One more thought about the Weekly Standard piece about Tea Parties

One has to give credit to Matthew Continetti for appraising Glenn Beck's ideas thusly:

This is nonsense. Whatever you think of Theodore Roosevelt, he was not Lenin. Woodrow Wilson was not Stalin. The philosophical foundations of progressivism may be wrong. The policies that progressivism generates may be counterproductive. Its view of the Constitution may betray the Founders’. Nevertheless, progressivism is a distinctly American tradition that partly came into being as a way to prevent ideologies like communism and fascism from taking root in the United States. And not even the stupidest American liberal shares the morality of the totalitarian monsters whom Beck analogizes to American politics so flippantly.

Maybe there's hope for rational civic dialogue, yet.

Tea Partiers look just like America. Except they're richer.



Matthew Continetti's piece about the Tea Party movement replays -- like so many similar pieces before it -- Rick Santelli's famous CNBC rant from 2009. But this quote leaped out at me like it hadn't before:

In Santelli’s opinion, American elites had neglected the people surrounding him, the commodities traders who made up “a pretty good statistical cross-section of America, the silent majority.

We already know that Tea Partiers are wealthier than most Americans, but it's worth pointing out that the median income for a commodities trader in 2008 was $68,680. The median household income nationally the same year was $52,029.

Now: $68,000 a year doesn't put silver spoons in your mouth.
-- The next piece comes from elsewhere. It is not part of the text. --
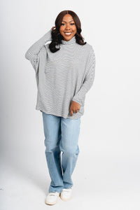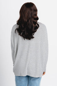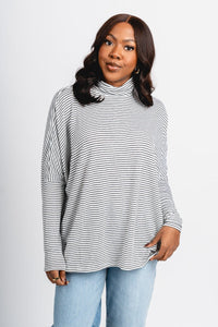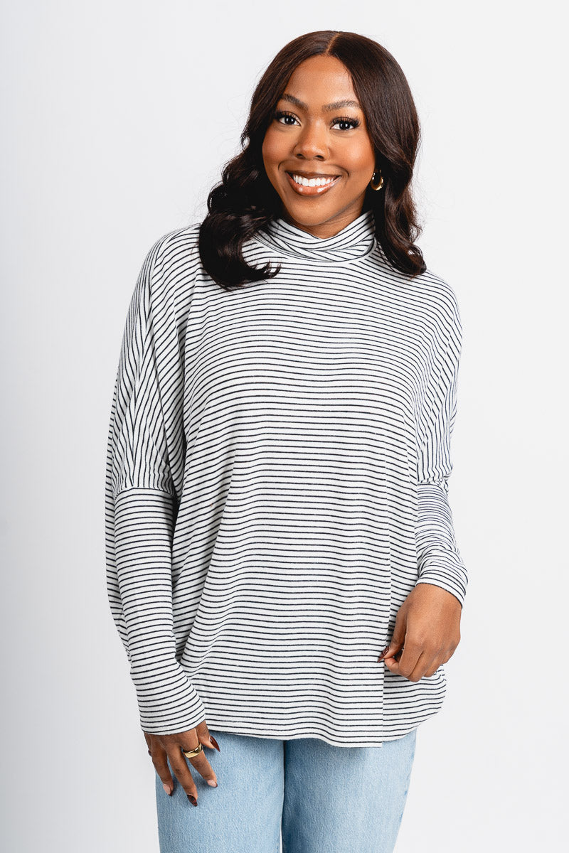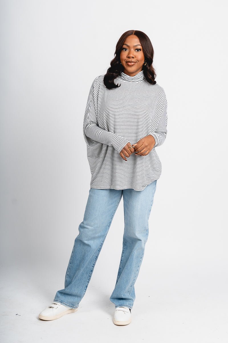 Cream boxy oversized long sleeve top featuring a mock neck and thin black horizontal stripes from Lush Fashion Lounge women's boutique in Oklahoma City.

And there's absolutely nothing wrong with having a good income. But the Tea Partiers aren't a "good statistical cross-section of America" -- and the commodities traders who surrounded Santelli that day aren't either. Let's not pretend otherwise.

The myth of liberals hating Sarah Palin's motherhood

At the Washington Post, Kathleen Parker repeats a bit of business that I see often on the right, but have never seen much evidence for:
The reason Palin so upsets the pro-choice brigade is because she seems so content with her lot and her brood. One can find other reasons to think Palin shouldn't be president, but being a pro-life woman shouldn't be one of them.
The idea is that Sarah Palin's fecundity -- particularly with regards to Trig, her special needs child -- is part of what makes her an object of particular scorn on the left. But -- the fevered speculations of Andrew Sullivan aside -- where's the evidence for this charge? I've never seen anybody say: "I'd like Sarah Palin ... but damnit, she's given birth waaaaay too often." I think conservatives have convinced themselves that the liberal contempt for Palin is born out of hoity toity cultural snobbishness. But it's not.

Guess what? Liberals have kids too. Maybe not as often as conservatives. But still.

There are lots of reasons I dislike Sarah Palin's presence in public life, but her motherhood choices have no bearing on them. There's her aura of perpetual grievance. There was her manifest lack of preparation for the job she sought at John McCain's side in 2008. There's her origin of the "death panels" myth during the health care debate -- which revealed her to be either deeply misinformed or incredibly cynical. I could go on ... but honestly, I don't need to. It's going to be a weird universe the day I ever cast a vote for Sarah Palin.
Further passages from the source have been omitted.